Gold rate today:
On account of bank crisis in US and Europe and fear of economic slowdown, gold prices delivered stellar return among all assets in first quarter of the current year (CY) 2023. On MCX, gold prices shot up from around ₹54,975 per 10 gm to ₹59,371 per 10 gm levels during January to March in CY23, logging near 8 per cent rise in the recently ended March 2023 quarter. In quarter to quarter (QoQ) time, the yellow metal ended higher on second straight quarter.
According to commodity market experts, gold rate today has immediate resistance at ₹60,600 per 10 gm levels on MCX whereas in international spot market, gold prices are facing resistance at $2,000 per ounce levels. They said that gold prices are still in uptrend and on breaching of these resistance levels in domestic and international market, we can witness fresh leg of rally in the precious yellow metal.
Factors that fueled gold prices
On why gold rates are rising these days, Market expert Sugandha Sachdeva said, “Gold prices witnessed a remarkable advance in March and remained one of the best-performing assets in the first quarter of this year, gaining by around 8 per cent. It was the second consecutive quarter where prices remained in the positive territory, reflecting buying exuberance. Expectations of a dovish pilot by the US Fed, persistent inflation worries, concerns of a slowdown in global growth momentum, and strong buying by the central banks have buoyed the prices of the metal considered to be a safe-haven.”
Sugandha went on to add that concerns about the contagion from the bank crisis in US and volatility in financial markets further accentuated interest in gold deemed as a hedge against any economic or geopolitical uncertainty. Weakness in the dollar index wherein it softened for the second consecutive quarter further prompted the continuation of a move on the upwards incline.
Expecting US Fed to go further soft on interest rate hike, Nirpendra Yadav, Senior Commodity Research Analyst at Swastika Investmart said, “As the US economy is under pressure, investors are hopeful that the Fed will now be soft on interest rate hikes, strengthening safe haven demand.” He went on to add that after emerging from the COVID-19 restriction policy, China’s economy shows steady growth, increasing the physical demand for gold.

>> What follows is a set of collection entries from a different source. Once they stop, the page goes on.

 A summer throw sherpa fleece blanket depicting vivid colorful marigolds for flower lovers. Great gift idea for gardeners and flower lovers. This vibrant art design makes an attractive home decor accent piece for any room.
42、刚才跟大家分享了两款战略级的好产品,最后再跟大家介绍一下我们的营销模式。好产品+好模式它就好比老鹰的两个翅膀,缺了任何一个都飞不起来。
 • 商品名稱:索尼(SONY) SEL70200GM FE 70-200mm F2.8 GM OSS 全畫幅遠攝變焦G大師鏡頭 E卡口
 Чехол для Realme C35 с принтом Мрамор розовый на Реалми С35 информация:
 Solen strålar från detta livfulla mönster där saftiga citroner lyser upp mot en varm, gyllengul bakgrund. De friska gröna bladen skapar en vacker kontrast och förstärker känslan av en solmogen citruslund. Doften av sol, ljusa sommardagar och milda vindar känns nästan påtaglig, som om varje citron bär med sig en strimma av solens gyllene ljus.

“Gold withdrawals from the Shanghai Gold Exchange have increased by 76 tons year-on-year, the highest since 2014. The rise in gold outflows from the exchanges indicates strong demand from the wholesale market. China reported the highest gold import in 2022 after 2018. The People’s Bank of China started official gold purchases in November and continued in February. An increase in the gold premium in Shanghai and London indicates further strength,” Nirpendra Yadav said.
Gold price outlook
On outlook for gold price in near term, Sugandha Sachdeva said, “The overall price setup still indicates further room for upside in the precious metal in the long term given that the rates are likely to peak out very soon which could be a boon for gold prices, but buying on some declines would be the apt strategy.”

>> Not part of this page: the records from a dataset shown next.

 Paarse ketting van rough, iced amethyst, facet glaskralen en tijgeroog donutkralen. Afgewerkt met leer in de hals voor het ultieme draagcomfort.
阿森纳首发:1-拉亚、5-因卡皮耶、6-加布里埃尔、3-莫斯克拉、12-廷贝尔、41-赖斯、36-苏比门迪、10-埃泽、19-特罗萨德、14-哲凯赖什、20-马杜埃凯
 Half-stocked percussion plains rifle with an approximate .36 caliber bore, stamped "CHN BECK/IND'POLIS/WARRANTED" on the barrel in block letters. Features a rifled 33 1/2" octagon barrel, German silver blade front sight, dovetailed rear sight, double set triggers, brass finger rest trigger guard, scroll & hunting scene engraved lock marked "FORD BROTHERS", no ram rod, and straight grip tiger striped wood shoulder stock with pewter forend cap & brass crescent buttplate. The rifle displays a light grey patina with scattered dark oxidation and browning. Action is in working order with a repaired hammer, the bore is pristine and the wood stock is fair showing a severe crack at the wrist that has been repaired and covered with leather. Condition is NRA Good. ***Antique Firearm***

“While considering the near-term outlook, prices seem prone to the risks of profit booking where the level of $2000 per ounce mark is acting as a major barrier in the international markets, while the Rs.60600 per 10gm mark remains near-term resistance in the June contract. Only a convincing move past these key levels would further lead to a flare-up in prices. With concerns about the US financial sector receding and revival of “risk on” trade in the global markets, gold prices may give way to some selling pressure in the coming days, where support is seen at Rs.58000 per 10gm mark and then Rs.56700 per 10gm mark,” Sugandha concluded.
Will gold price climb a new peak?
Expecting rally in gold price to climb a new peak in short to medium term, Anuj Gupta, Vice President — Research at IIFL Securities said, “Immediate support for MCX gold price is placed at $1,960 levels whereas $1,945 is major support for the precious yellow metal in international spot market. We are expecting fresh leg of rally in the precious metal as Dollar Index has come below 102 levels and it may break its current support placed at 100 levels. Gold price may rest $1,990 and $2,020 per ounce levels in near term and if it sustains above $2,020 per ounce levels, then we can expect it to first hit $2,050 and then $2,100 and $2,200 levels, breaching its current life-time high of $2,075 per ounce levels.”